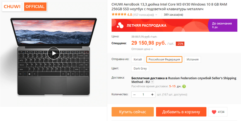 Upd: Chuwi Airbook подешевел. Поставка с российского склада. На 4PDA его хвалят. Закажу себе, интересно поизучать.
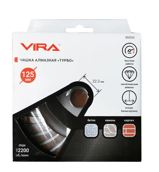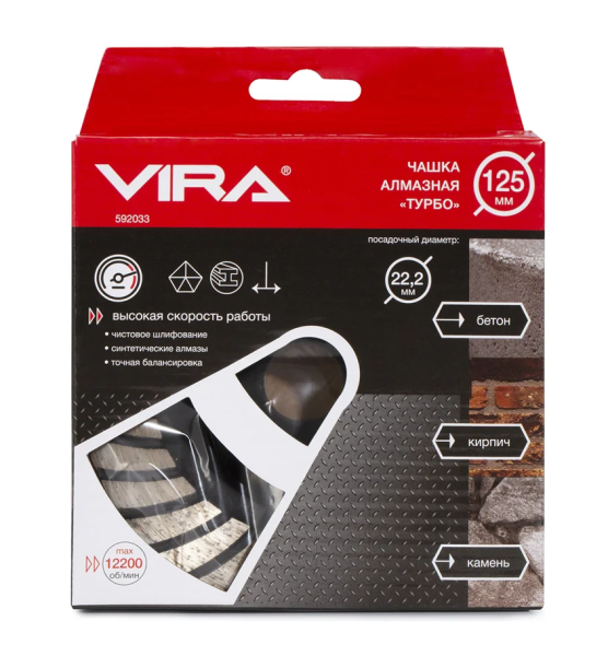 Чашка алмазная "турбо" 125мм используется для обработкии шлифования железобетона, мрамора, кирпича и камня. Данный тип хорошо подходит для выполнения точных работ. Изготовлена из высокопрочной углеродистой стали с алмазной напайкой. Сегменты типа "турбо" способствуют интенсивному охлаждению чашки и обеспечивают быструю, качественную шлифовку. Высокий ресурс и надежность этого инструмента, дают возможность получить гладкие поверхности на большом объеме обрабатываемых материалов. Поверхность чашки не требует водяного охлаждения во время работы.
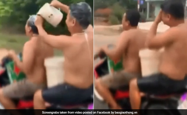 In the footage that is being widely circulated online, the two men sit on the bike with a bucket of water between them and a carton of beer at the front. Both appear to be shirtless and lathered with soap. The man riding pillion then pours water on himself and the driver, who balances the bike with one hand as he uses the other to wash his face and hair.
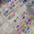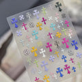 Sweet macaron tones meet edgy chrome cross details. These embossed nail stickers feature colorful cross motifs in a soft pastel palette, perfect for Y2K, punk, or soft-girl nail designs. Two styles available (CF-1560 / CF-1559).
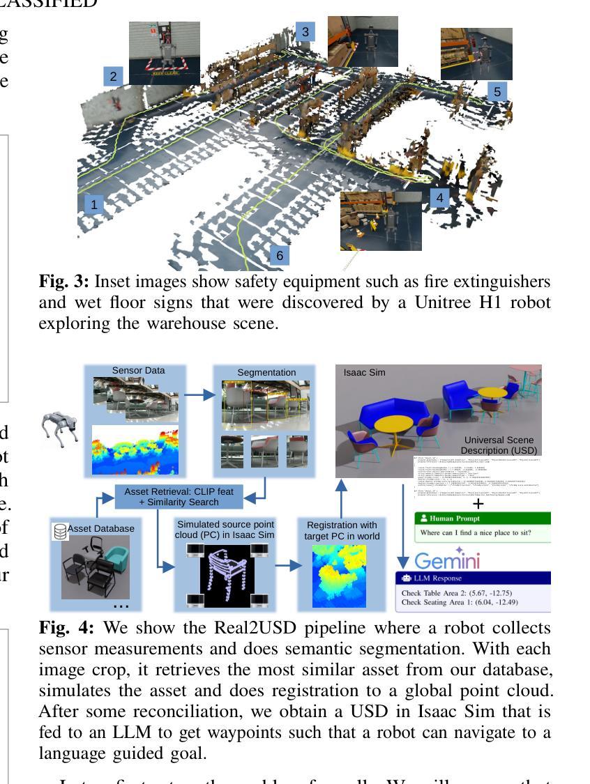 大型语言模型(LLM)可以帮助机器人对抽象任务规格进行推理。这要求增强机器人使用的经典环境表示法,并融入基于自然语言的前提知识。尽管有许多现有的方法可以做到这一点,但它们都是针对特定任务的,例如用于导航的视觉语言模型、用于地图绘制的语言引导神经辐射场等。本文认为,通用场景描述(USD)语言是一种针对基于LLM的机器人任务环境中几何、光度学和语义信息的有效且通用的表示方法。我们的观点很简单:USD是一种基于XML的场景图,LLM和人类都可以阅读,并且足够丰富以支持任何基本任务——皮克斯(Pixar)开发此语言是为了存储资产、场景甚至电影。我们展示了一个“现实到USD”系统,该系统使用Unitree Go2四足机器人携带激光雷达和RGB相机,该机器人(i)构建了具有各种对象和充满玻璃的挑战性设置的显式USD表示,以及(ii)使用Google的Gemini解析USD来展示场景理解、复杂推理和规划。我们还使用Nvidia的Issac Sim在模拟的仓库和医院环境中研究该系统的不同方面。代码可在https://github.com/grasp-lyrl/Real2USD找到。
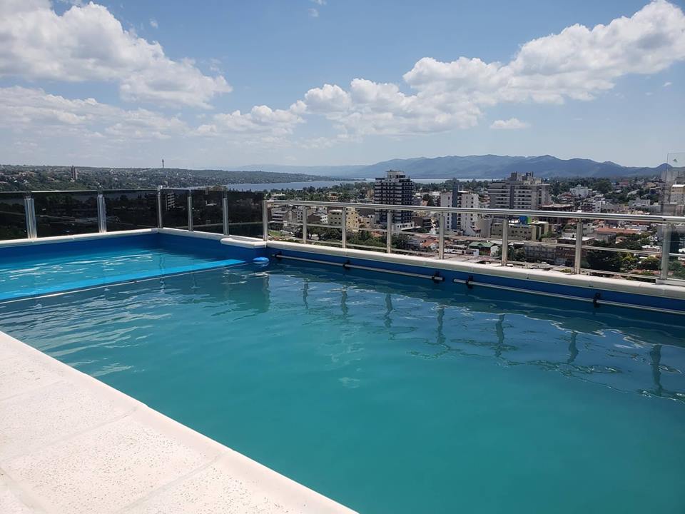 Departamento ideal para disfrutar en pareja con piscina y asadores en terraza con vista a la montaña. Ubicación privilegiada a 40m de la terminal de ómnibus, 200m de la costanera y 400m de la peatonal (Centro Comercial y Teatros). Apto para una pareja con un niño hasta 12 años. Dispone de 2 AA y 2 TV Smart y calefacción central. Cocina equipada con microondas, heladera con freezer, y batería completa de vajilla. Se brinda ropa blanca (toallas y sábanas); disponible frazadas y acolchados.
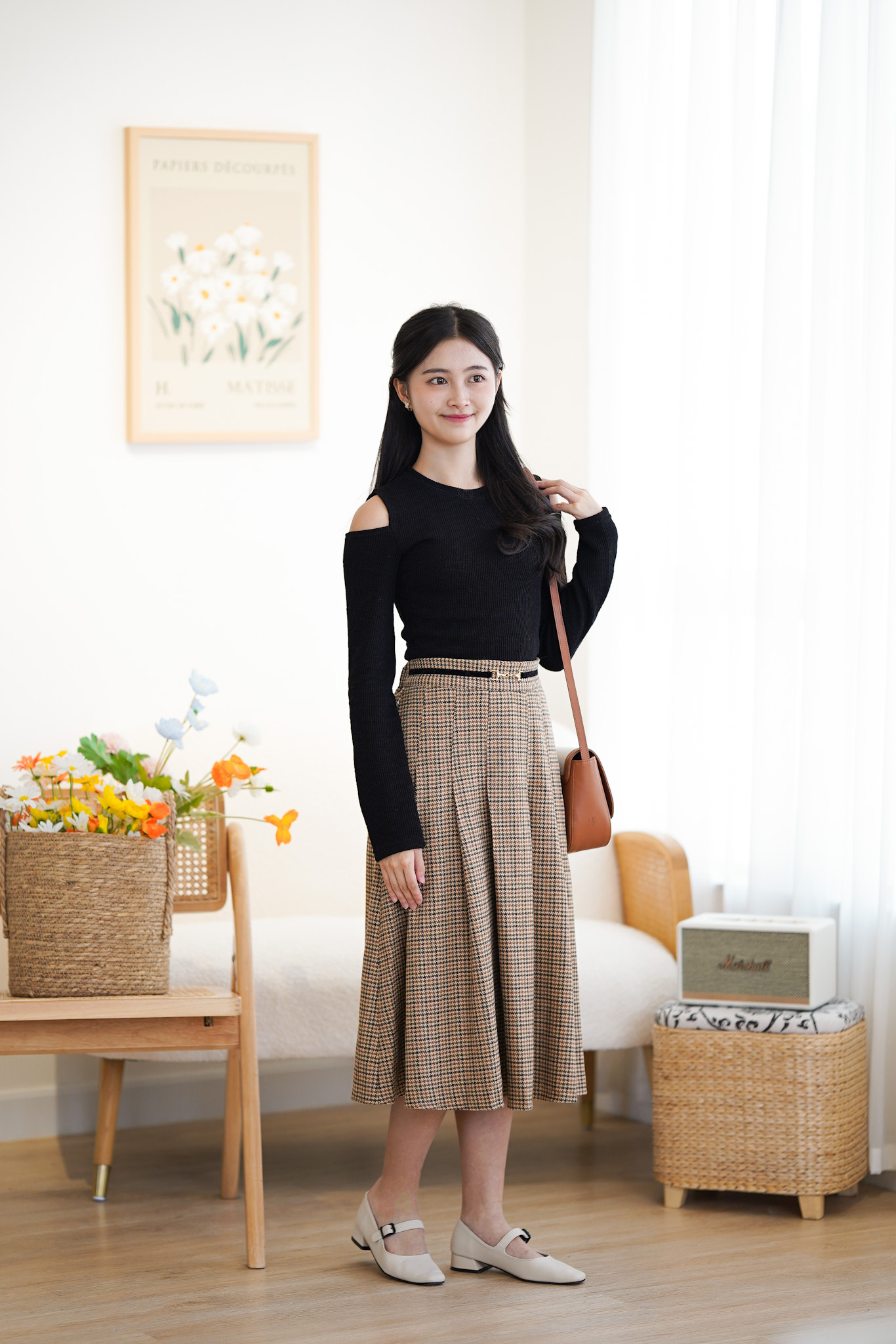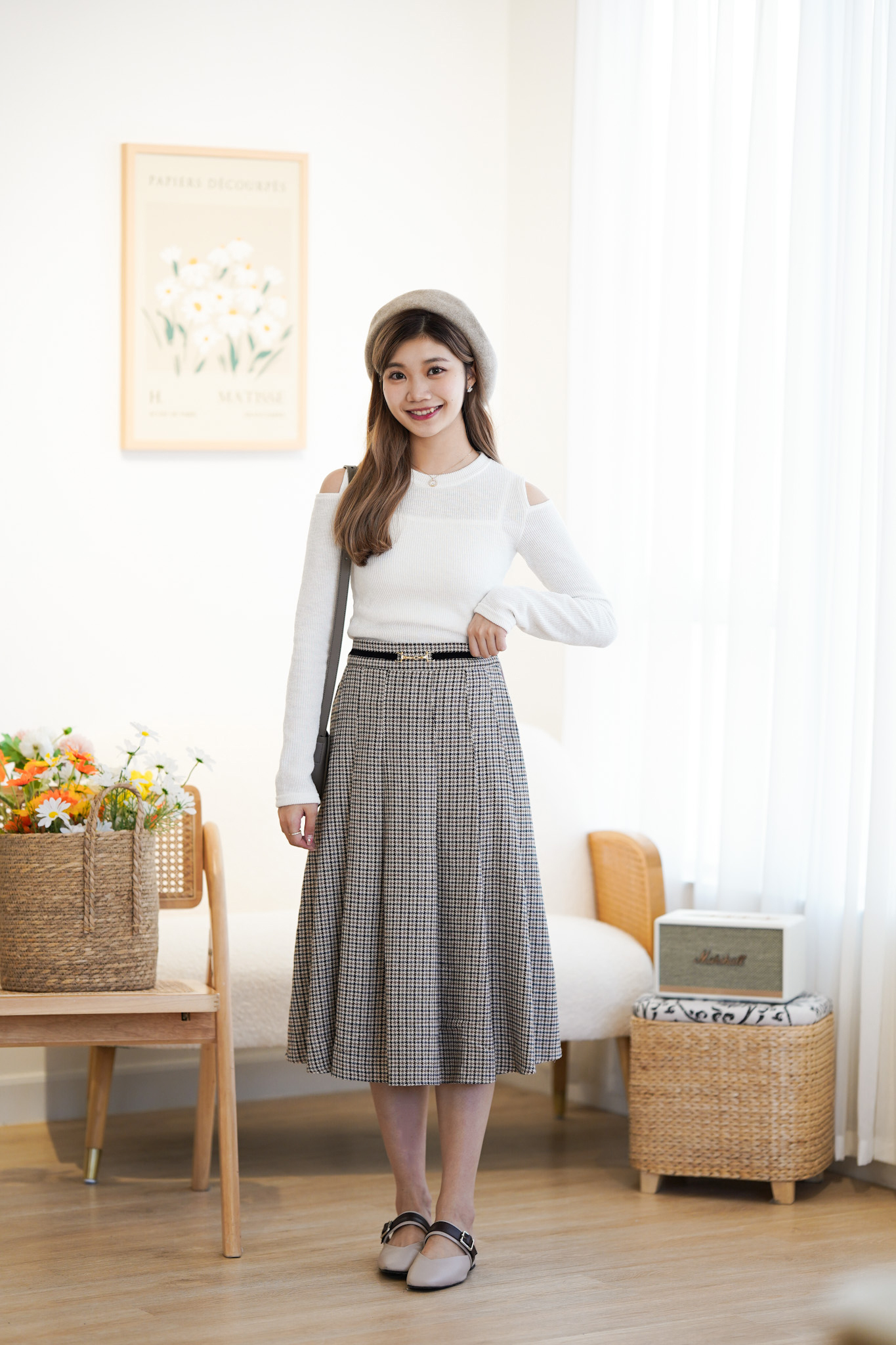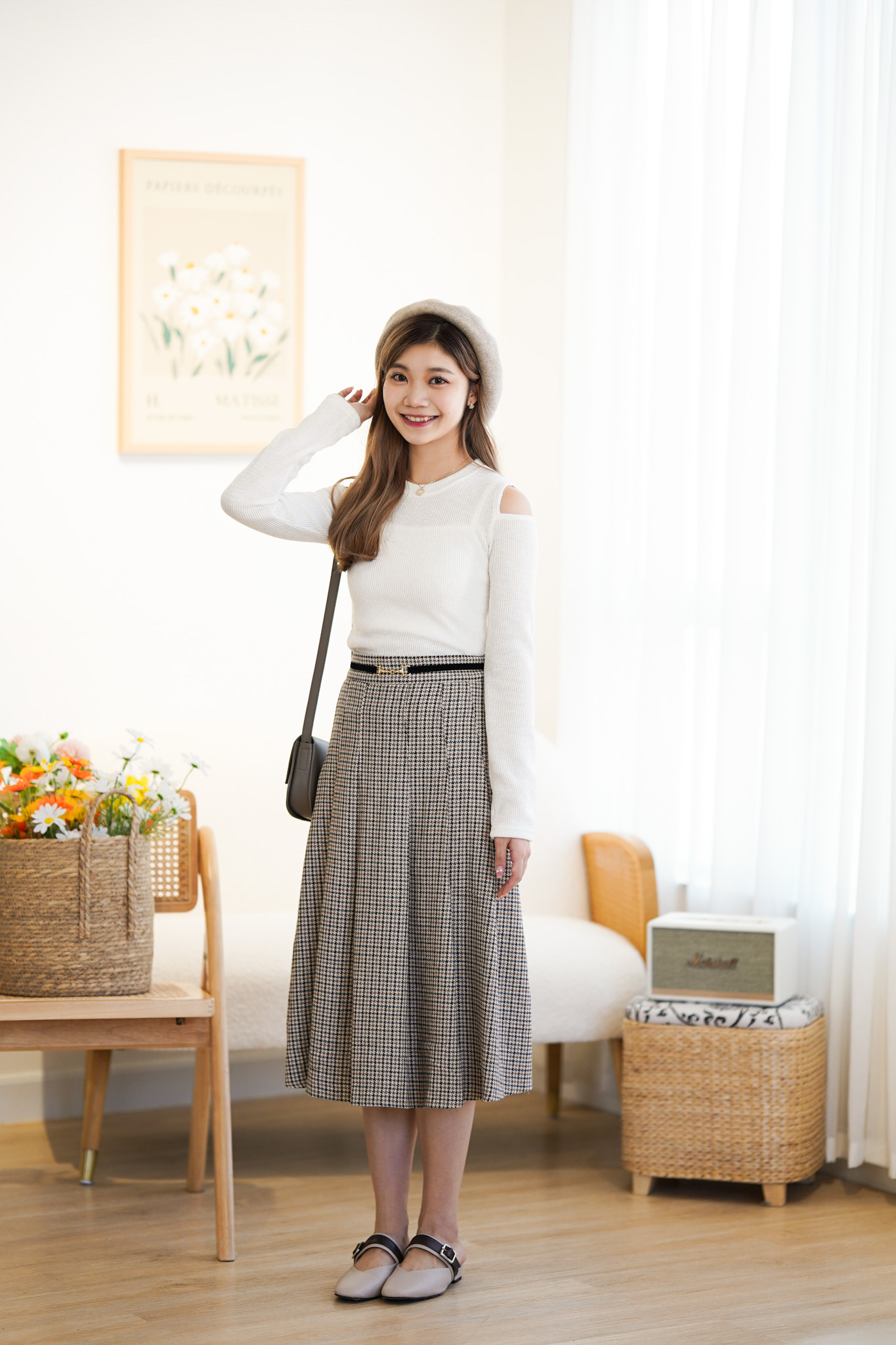SK372 Houndstooth Belted Long Skirt

▸ Task prompt
Your output must reproduce the material above in full, with no pictures.

▸ Solution to the problem
 Upd: Chuwi Airbook подешевел. Поставка с российского склада. На 4PDA его хвалят. Закажу себе, интересно поизучать.
 Чашка алмазная "турбо" 125мм используется для обработкии шлифования железобетона, мрамора, кирпича и камня. Данный тип хорошо подходит для выполнения точных работ. Изготовлена из высокопрочной углеродистой стали с алмазной напайкой. Сегменты типа "турбо" способствуют интенсивному охлаждению чашки и обеспечивают быструю, качественную шлифовку. Высокий ресурс и надежность этого инструмента, дают возможность получить гладкие поверхности на большом объеме обрабатываемых материалов. Поверхность чашки не требует водяного охлаждения во время работы.
 In the footage that is being widely circulated online, the two men sit on the bike with a bucket of water between them and a carton of beer at the front. Both appear to be shirtless and lathered with soap. The man riding pillion then pours water on himself and the driver, who balances the bike with one hand as he uses the other to wash his face and hair.
 Sweet macaron tones meet edgy chrome cross details. These embossed nail stickers feature colorful cross motifs in a soft pastel palette, perfect for Y2K, punk, or soft-girl nail designs. Two styles available (CF-1560 / CF-1559).
 大型语言模型(LLM)可以帮助机器人对抽象任务规格进行推理。这要求增强机器人使用的经典环境表示法,并融入基于自然语言的前提知识。尽管有许多现有的方法可以做到这一点,但它们都是针对特定任务的,例如用于导航的视觉语言模型、用于地图绘制的语言引导神经辐射场等。本文认为,通用场景描述(USD)语言是一种针对基于LLM的机器人任务环境中几何、光度学和语义信息的有效且通用的表示方法。我们的观点很简单:USD是一种基于XML的场景图,LLM和人类都可以阅读,并且足够丰富以支持任何基本任务——皮克斯(Pixar)开发此语言是为了存储资产、场景甚至电影。我们展示了一个“现实到USD”系统,该系统使用Unitree Go2四足机器人携带激光雷达和RGB相机,该机器人(i)构建了具有各种对象和充满玻璃的挑战性设置的显式USD表示,以及(ii)使用Google的Gemini解析USD来展示场景理解、复杂推理和规划。我们还使用Nvidia的Issac Sim在模拟的仓库和医院环境中研究该系统的不同方面。代码可在https://github.com/grasp-lyrl/Real2USD找到。
 Departamento ideal para disfrutar en pareja con piscina y asadores en terraza con vista a la montaña. Ubicación privilegiada a 40m de la terminal de ómnibus, 200m de la costanera y 400m de la peatonal (Centro Comercial y Teatros). Apto para una pareja con un niño hasta 12 años. Dispone de 2 AA y 2 TV Smart y calefacción central. Cocina equipada con microondas, heladera con freezer, y batería completa de vajilla. Se brinda ropa blanca (toallas y sábanas); disponible frazadas y acolchados.
SK372 Houndstooth Belted Long Skirt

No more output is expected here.